-- DATASET RECORDS follows --
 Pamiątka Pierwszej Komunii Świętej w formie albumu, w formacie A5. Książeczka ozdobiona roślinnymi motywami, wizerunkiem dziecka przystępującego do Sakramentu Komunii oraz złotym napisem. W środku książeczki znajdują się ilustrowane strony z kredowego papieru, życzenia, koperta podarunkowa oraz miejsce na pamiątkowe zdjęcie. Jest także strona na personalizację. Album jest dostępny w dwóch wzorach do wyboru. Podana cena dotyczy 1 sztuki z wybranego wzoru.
-- DATASET RECORDS concluded --
-- DATASET RECORDS follows --
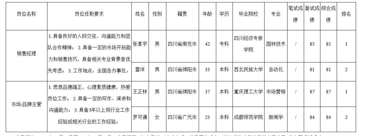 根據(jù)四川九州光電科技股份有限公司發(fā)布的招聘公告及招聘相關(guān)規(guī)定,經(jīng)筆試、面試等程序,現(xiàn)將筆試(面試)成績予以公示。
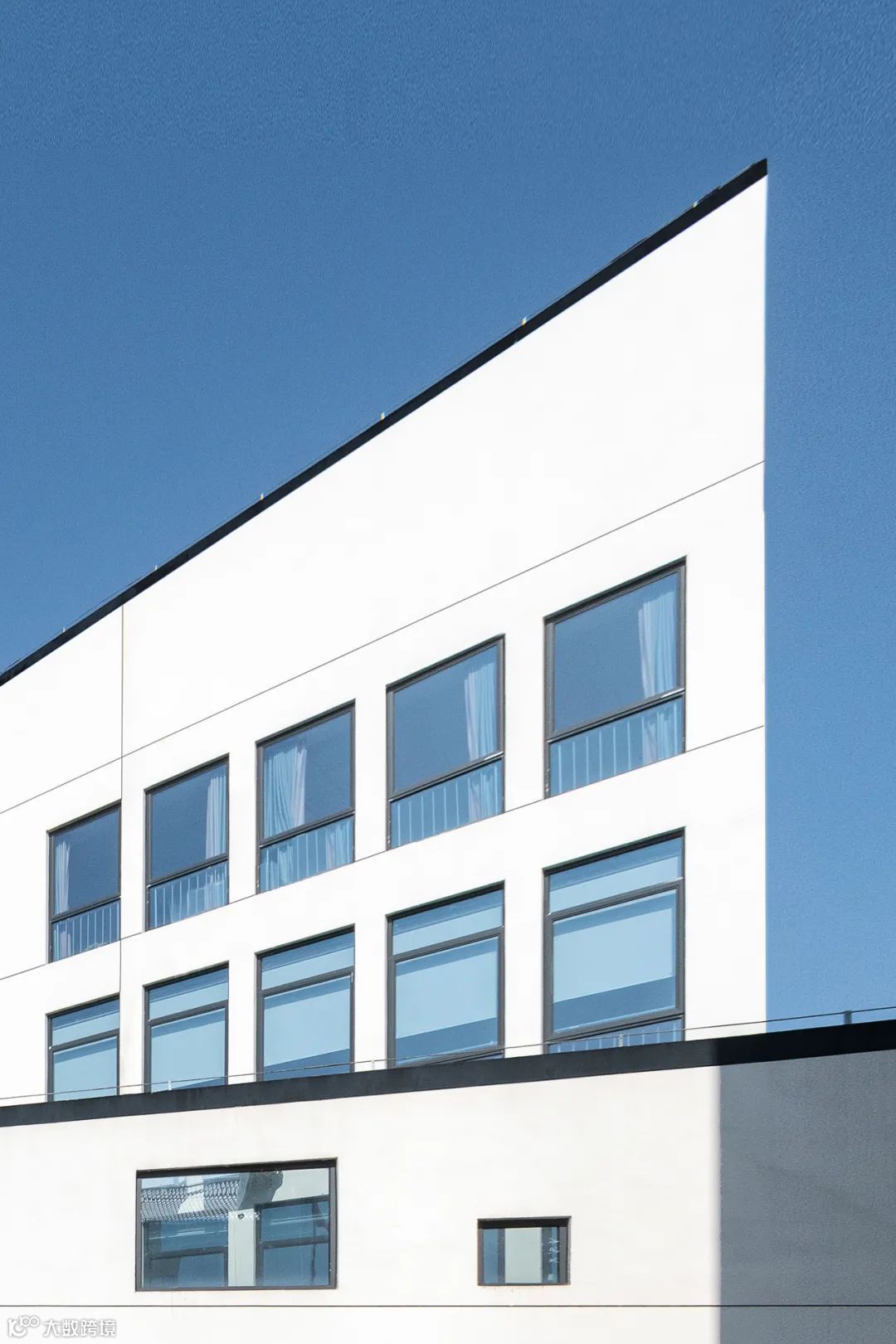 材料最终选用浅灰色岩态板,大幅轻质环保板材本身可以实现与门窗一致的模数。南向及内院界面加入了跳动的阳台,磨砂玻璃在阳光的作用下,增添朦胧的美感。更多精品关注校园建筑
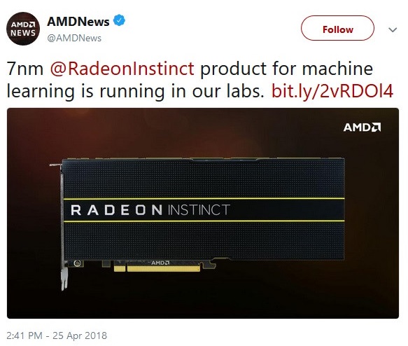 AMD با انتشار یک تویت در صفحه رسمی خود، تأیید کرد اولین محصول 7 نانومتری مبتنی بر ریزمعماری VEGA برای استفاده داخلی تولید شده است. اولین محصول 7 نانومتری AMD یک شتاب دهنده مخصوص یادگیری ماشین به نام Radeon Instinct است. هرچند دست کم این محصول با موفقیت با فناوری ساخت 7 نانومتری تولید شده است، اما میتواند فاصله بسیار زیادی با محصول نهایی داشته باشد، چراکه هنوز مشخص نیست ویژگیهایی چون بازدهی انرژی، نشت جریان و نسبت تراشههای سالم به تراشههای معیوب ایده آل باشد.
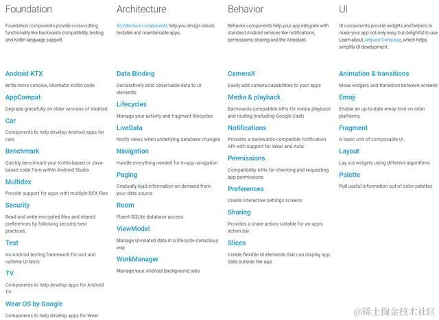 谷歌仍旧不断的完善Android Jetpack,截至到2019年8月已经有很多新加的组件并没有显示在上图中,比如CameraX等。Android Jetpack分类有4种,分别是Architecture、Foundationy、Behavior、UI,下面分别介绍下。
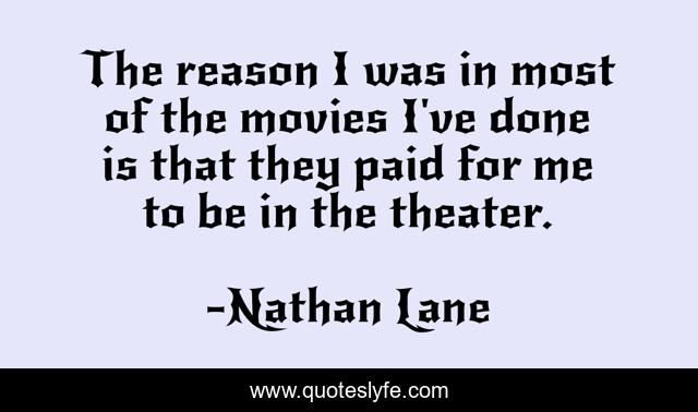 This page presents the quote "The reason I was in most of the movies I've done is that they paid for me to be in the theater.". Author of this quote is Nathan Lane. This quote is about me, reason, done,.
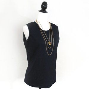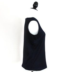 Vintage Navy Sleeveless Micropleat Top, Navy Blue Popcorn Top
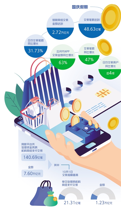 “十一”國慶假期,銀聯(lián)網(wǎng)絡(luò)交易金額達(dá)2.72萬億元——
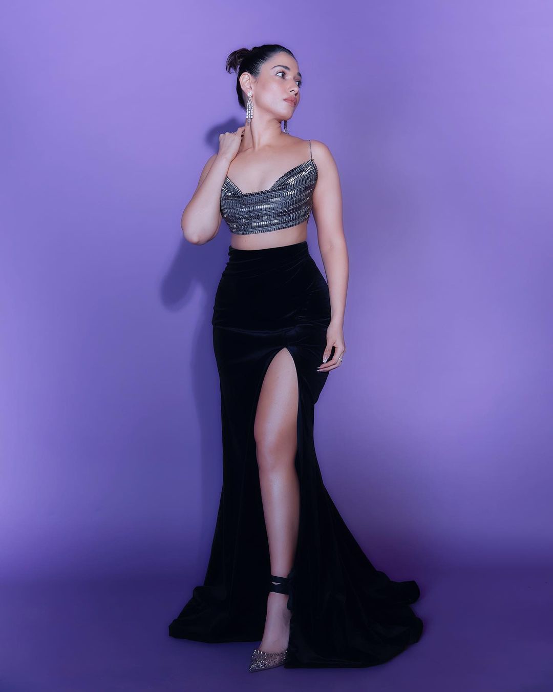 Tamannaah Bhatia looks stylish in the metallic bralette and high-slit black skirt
-- DATASET RECORDS concluded --
ACTIVITY
Would you set down only the lines above from the line with "Vintage Navy Sleeveless" to the line with "Tamannaah Bhatia looks", both included, exactly as they stand and without the pictures?

SOLUTION FOR THIS TASK
 Vintage Navy Sleeveless Micropleat Top, Navy Blue Popcorn Top
 “十一”國慶假期,銀聯(lián)網(wǎng)絡(luò)交易金額達(dá)2.72萬億元——
 Tamannaah Bhatia looks stylish in the metallic bralette and high-slit black skirt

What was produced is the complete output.